Outra inspiração do thriller são os filmes da série
Pânico, com suas brincadeiras de autoconsciência
de filme de terror e a presença de um icônico assassino mascarado. E claro, sem
esquecer ainda da extensa tradição dos filmes slasher com os quais se alinha (com pouco sangue, é verdade), com
direito inclusive à clássica figura da final
girl. Dessa salada toda resulta um filme acima de tudo divertido que brinca
o tempo todo com as expectativas dos clichês, confirmando alguns, ao mesmo tempo
em que busca soluções criativas para outras tantas armadilhas que as regras do
gênero impõem.
A repetição interminável de fatos/situações já
conhecidos, sempre incômoda e angustiante num primeiro momento, costuma, ao
longo das experiências revividas, provocar um efeito colateral benéfico: o
aprendizado. Uma lição repetida para um mau aluno que precisa superar-se. Este
é o dilema que aprisiona a personagem Tree, que a cada novo ciclo encara a
situação recorrente com um novo espírito. Inicia com aflição e incredulidade,
passa pela aceitação, a diversão e o tédio, até assumir de vez entendimento
pleno do que ocorre e o que deve ser feito para escapar daquela situação.

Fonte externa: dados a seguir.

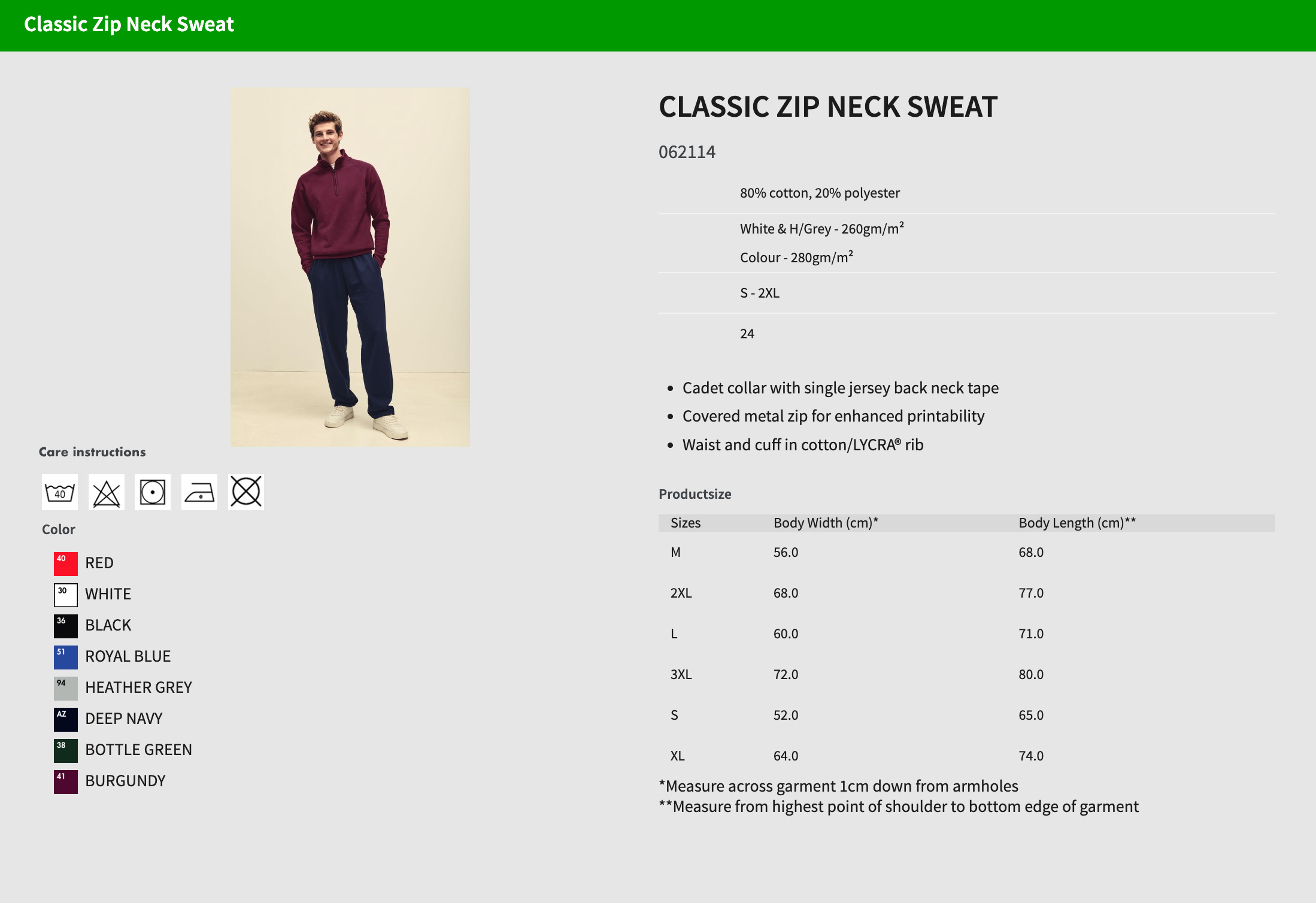 Weight: White and Heather Grey 260 gsm, Cols 280 gsm

Assim como a imensa maioria dos filmes de terror adolescente, não busque
obsessivamente por explicações coerentes, razões consistentes e justificativas plausíveis
para fatos e ações dos personagens. Nem fique catando furos no roteiro. Eles
estão todos lá. Não perca tempo com isto. Assuma o pesadelo da protagonista,
compartilhe sua tragédia pessoal, mas não deixe de se divertir, confortavelmente
seguro na poltrona do cinema. Afinal, somos todos voyeur, e um déjà vu de
vez em quando não faz mal a ninguém.